Since I had to catch a plane to get back home, I couldn’t attend the session on Friday morning.

The last day of the conference saw three presentations. The first was delivered by Norm Green of Gemstone, who talked about the state of Gemstone 64, the 64-bit version of their database system. After that, Mathieu Van Echelt presented Cosmocows‘ development and modelling enviroment used to create database-backed web-applications. The last presentation of the conference was delivered by Rob Vens, on “Packaging freeware and shareware applications in VisualWorks”.

As the last presentation for Thursday, Niall Ross paused his incessant (and absolutely useful) note-taking to deliver a talk on how to use real domain objects in your tests. This objects can be created by leveraging the rewrite engine of the Refactoring Browser in order to create readable and easily-modifiable tests which nonetheless manipulate complex objects.

Rowan Bunning delivered a presentation on Scrum and its use at Wizard Information Services. Wizard has much benefied from the introduction of Scrum, both in conjunction with Extreme Programming and Smalltalk for its development process, and as an agile management framework for managing non-development processes. Rowan described the use of Scrum+XP in Wizard, then delivered a short demo on how a Scrum sprint should work, and then talked about how to “sell” Scrum.

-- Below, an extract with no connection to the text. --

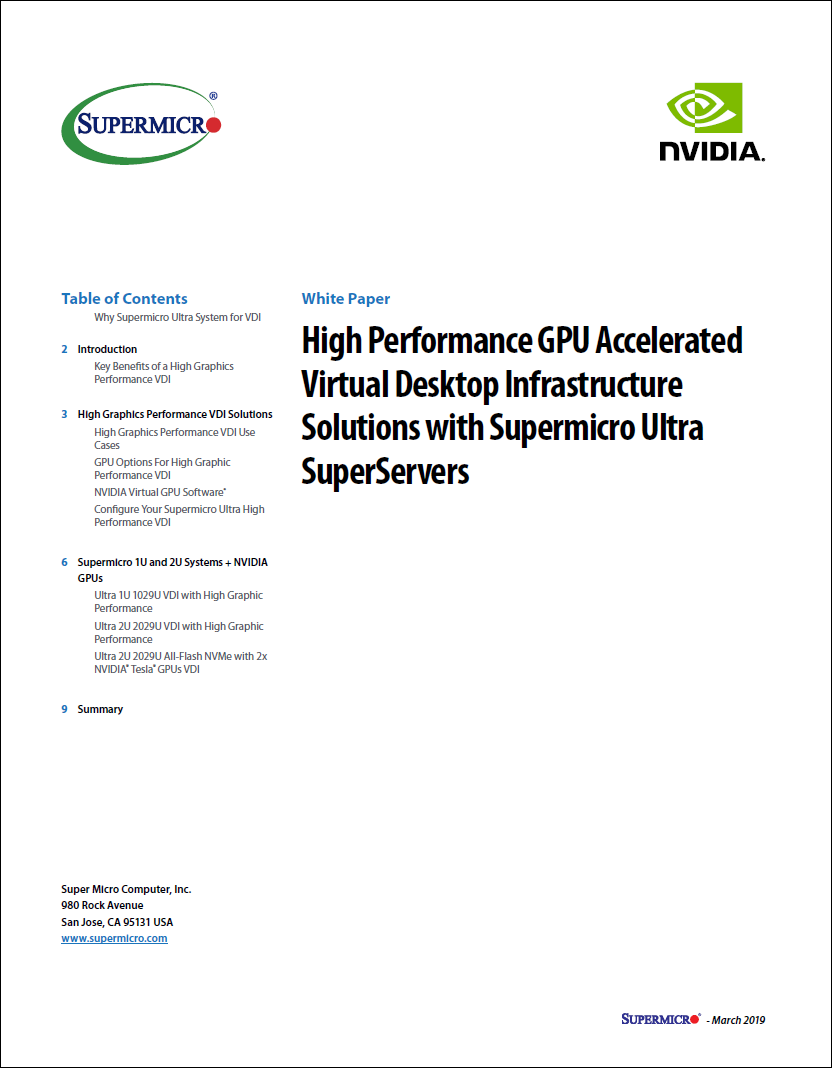 High Performance GPU Accelerated Virtual Desktop Infrastructure Solutions with Supermicro Ultra SuperServers

One of the presentations of Thursday’s afternoon session was delivered by Romain Robbes, who presented SpyWare, a tool developed by the University of Lugano. SpyWare model the evolution of a program as a series of change operations, thus allowing a much richer analysis of your program and its evolution.

Right after lunch on Thursday afternoon, Lukas Renggli delivered a tasty presentation on how to integrate “Web 2.0” techniques into your Seaside application using the Prototype and Script.aculo.us libraries, which allow you web application to have nifty features like drag’n’drop, entry field autocompletion etc. Script.aculo.us is very well integrated into Seaside, to the point that the user doesn’t need to write even a single line of JavaScript code by hand.

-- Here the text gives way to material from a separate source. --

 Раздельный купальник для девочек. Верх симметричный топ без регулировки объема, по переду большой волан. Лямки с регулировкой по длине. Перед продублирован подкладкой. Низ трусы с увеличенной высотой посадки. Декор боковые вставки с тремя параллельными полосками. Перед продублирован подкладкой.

Right before lunch, and in a little less time than planned due to the previous talk running late, Alfred Wullschelger showed a little extension to the notification mechanism included into the Gemstone DB. This extension is useful as a general mechanism for notifications from the DB, regardless from the specific configuration of the Gemstone server.

For this year’s conferences, the organizers invited Joe Armstrong, creator of Erlang, a dynamically-typed functional language, used for building massively concurrent applications. Joe went into the details on the requirement a fault tolerant system, and how Erlang satisfies this requirements.
Using the features of Erlang, Joe’s group at Ericsson managed to build systems with 9 nines availability.

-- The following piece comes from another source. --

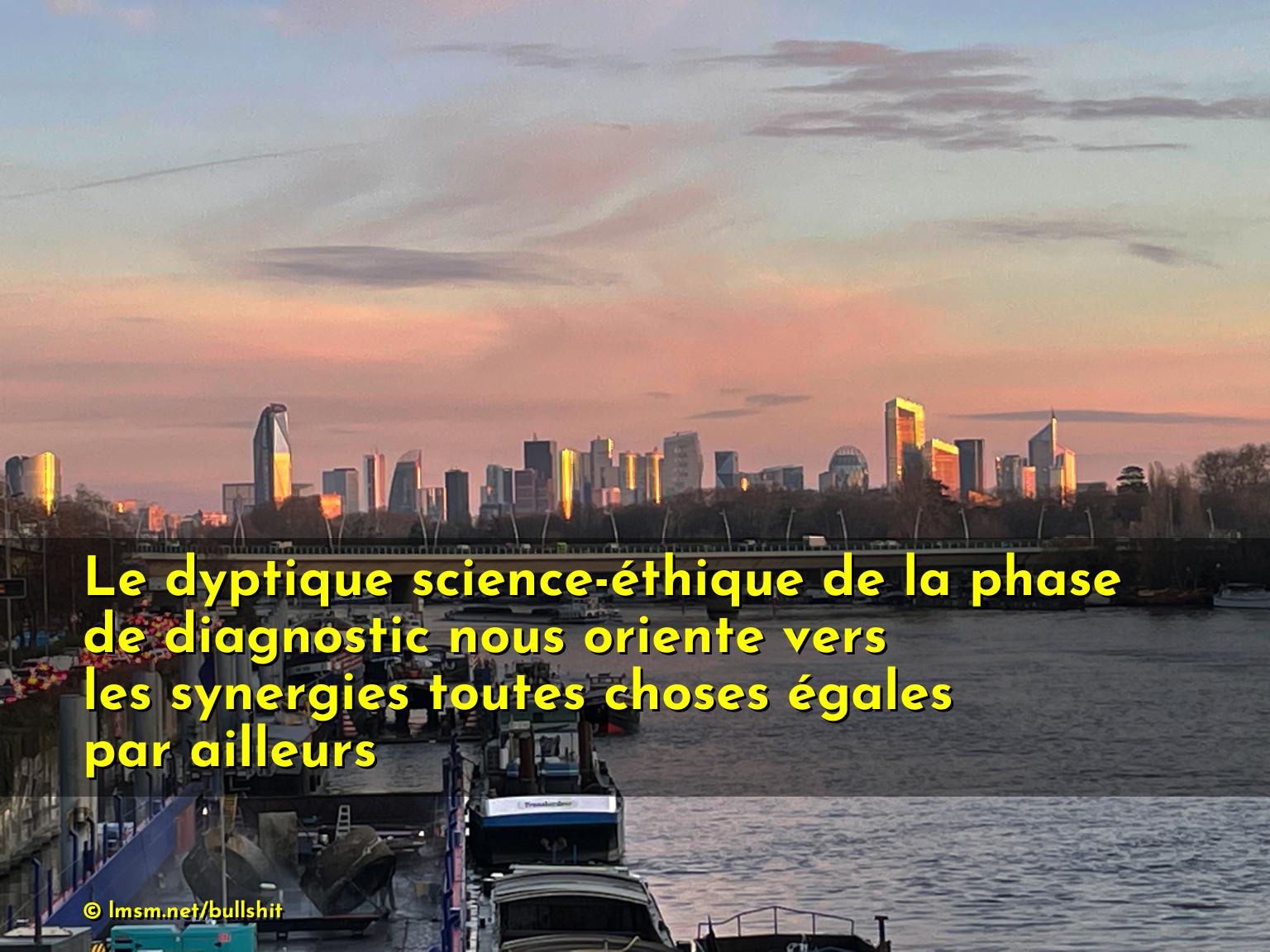 Le dyptique science-éthique de la phase de diagnostic nous oriente vers les synergies toutes choses égales par ailleurs

Thursday’s first talk was delivered by Georg Heeg, a longtime Smalltalk programmer and Cincom Partner. Georg presented the process by which the ObjectStudio 8 environment is slowly being integrated into VisualWorks, using its sophisticated meta-modelling features.

Esug 2006 Social Event

7 September, 2006

As a social event, the attendants to the ESUG 2006 conference could take part in a three hours guided tour of the centre of Prague.
The tour started in Wenceslaus Square under the statue of King Wenceslaus (which English-speaking readers will remember from the Christmas carol). From there the groups went to the Old Town Square, then to the Charles Bridge and back to Old Town Square to watch the Astoromical clock mark the hour.
At the end of the tour, the guides brought the attendants of the conference to the Novomestsky Pivovar brewery, where they had dinner.
Later most of the attendands went back to the conference hotel, where they continued talking and hacking until late night.

In the only track of the afternoon, Noury Bouraqadi presented Ubiquitalk, a P2P system to connect disparate system, in order to create a network where different nodes can offer different services. Ubiquitalk has been built on top of Squeak, and relies on the rST (Remote Smalltalk system) for remote message sending.

Ubiquitalk is a the moment a research software, but the developers are trying to move it to real world software.